Apart from the theft itself, this is really bugging me.

If this was the second incident in recent weeks in your office, you are fully within your rights to approach the boss and claim some sort of reimbursement.

Things to remember:

(1) Your boss should be insured from the second you leave your home until the second you return home from work. He should also be insured for theft, fire, burgulary and public liability. It could easily be argued that by providing you with a workplace drawer that commonly holds your personal effects, your boss accepts responsibility of those possessions while you are undertaking your daily duties.

(2) If you are expected to roam the workplace while holding, carrying and using work related materials during your daily interactions as per your job description, you cannnot be expected to watch your valuables and ensure thier security while undertaking workplace activities.

(3) It is an employers duty to be aware of everything that happens in the workplace and respond as required. It doesn't matter if it's an employee or delivery driver who commits the crime. You boss needs to provide a safe and secure workplace at all times. That's exactly why we're forced to sign those dumb arse workplace agreements.

(4) Because this is not an isolated event, it can be argued that your boss didn't take adequate risk management steps to ensure the safety of your or any other employees personal effects.

If you want to pursue this, put together a friendly letter to your boss and make a claim using the points I've mentioned. You'll probably end up getting sacked because most bosses are pricks but for $480 bucks why should you lose your hard earned $$$ and pay for thier incompetence as employers.

If your boss was made aware of his liabilities, I'm sure they would reimburse you very quickly. As part of the plea bargain you would probably be forced to sign a declaration that you will never, ever discuss the matter publically or with another workmate. You could also raise this bargaining chip in your friendly letter.


----------



## hairymick (Oct 18, 2005)

> If you want to pursue this, put together a friendly letter to your boss and make a claim using the points I've mentioned. You'll probably end up getting sacked because most bosses are pricks


That would be what I would call a Sicillian Payback and could allmost guarantee that that is exactly what would happen.


----------



## spooled1 (Sep 16, 2005)

> That would be what I would call a Sicillian Payback and could allmost guarantee that that is exactly what would happen.

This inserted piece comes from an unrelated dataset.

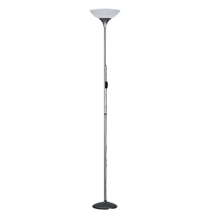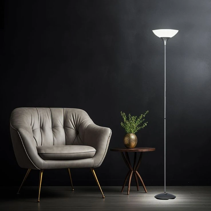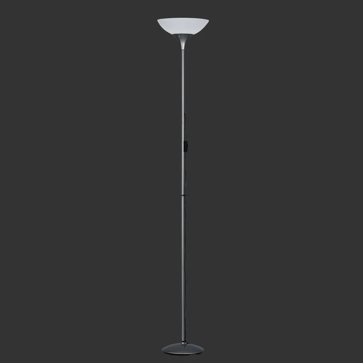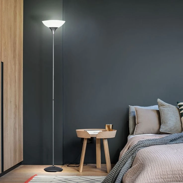 Design Deckenfluter aus titanfarbigem Metall.

And now for the Sicialian yak fisho's revenge: The boss is gaff slapped and stored in one of Phoenix's insulated fish bags until he can come up with $481 dollars, a new walllet and a believable apology.


----------



## Jake (Sep 23, 2005)

Dallas. Bugger!

What sort of office are you in mate? I would certainly have words with the boss of course. But as has been said, somebody somewhere knows your habits.

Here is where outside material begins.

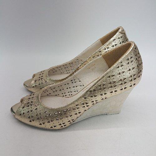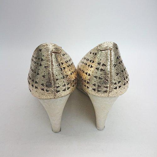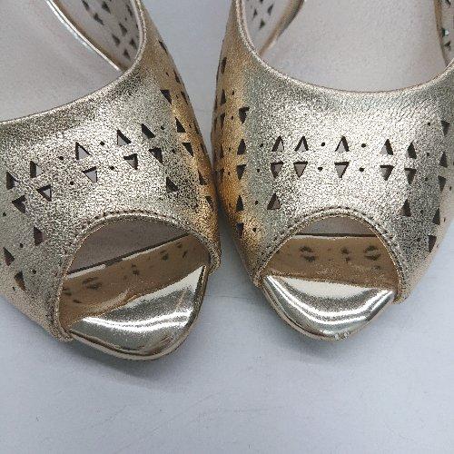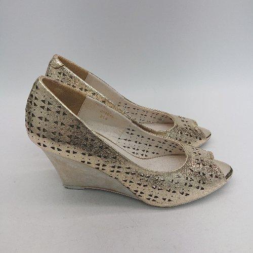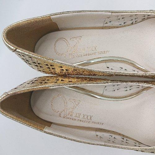 ◇ XXX IIX IIAA オープントゥ 厚底 無地シンプル 光沢感 パンプス サイズ24.5 ゴールド レディース E

In my industry there is an unwritten law about going near other people's stuff, or in their cabins. It just doesnt happen.

Good luck mate.

Jake


----------



## Dodge (Oct 12, 2005)

Dallas sorry to hear the news, it seems you are on a bit of a down cycle at present to be hoped there is a rapid upward trend soon


----------



## RedPhoenix (Jun 13, 2006)

Unfortunately, due to the change in ownership of this web site and the lack of response by the owners to my requests to remove my email address from all administrative-level notifications and functionality, I have decided to remove my posts on AKFF. Thank you for the great times, the fantastic learning experiences and the many many fish. If you are desperate for the old content of this particular post, it is available below base64 encoded and bzip2 compressed.

Red.

----

QlpoOTFBWSZTWQhLbucAADXXgAASQOeEEBQAP//fsDABK2lBqnmkj9VMhshDQyNAFTZNNTygAAAZAaaCE0Jpp6jRkjADAIOMPGzxbrtLlBPVs/ir8Z3d3diqHGy6+sJWZSiuHg1kg8LYL3EMAChCO96m1heikpkTAzkic7lpa+2NdKL5bYTAvLlN9uLCMl1s1rCAP70OXIamEm4xkuDyHDTfNioM8ng5P65ofWDflxjtIRTzOmiEqoxbC1tVAYj4RxerLtKtogh90Ybw6S0owxJVL79DdK71LyHcEQjkqgYLlhGwcQdpZj7P5VMeGdBaH4K2V3YJpaiaN7MxmXTFUgGKPoYk6qQLteYxcqQPQVeiCDOcmHYylDVGY6NVx95wl26CK0FCHLOCFRvwu5IpwoSAQlt3OA==


----------



## Guest (Sep 22, 2006)

Nothing worse than a thief, I trust no one, always keep it in the back pocket.

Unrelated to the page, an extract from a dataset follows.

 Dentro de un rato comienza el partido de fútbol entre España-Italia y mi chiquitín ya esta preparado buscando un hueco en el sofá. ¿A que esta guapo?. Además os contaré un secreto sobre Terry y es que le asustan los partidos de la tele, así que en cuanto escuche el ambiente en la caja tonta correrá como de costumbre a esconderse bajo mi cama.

Life will catch up with him or her for certain, most likely in a bad way.

Loosing your wallet is a bad feeling too.

Cheers


----------



## ScottLovig (Aug 7, 2006)

No good Dallas. Damn straight Gatesy.


----------



## PhilipL (Apr 15, 2006)

That's a shame Dallas. If you've reported the incident to your boss/HR, it would be disappointing if they didn't already offer to replace your property. You'd be best to judge the situation, depends on your workplace culture, but you could consider having word to your boss/ HR first before escalating to letter writing. You should get a feel for the need affter first reporting the incident. It's plain and simply property theft.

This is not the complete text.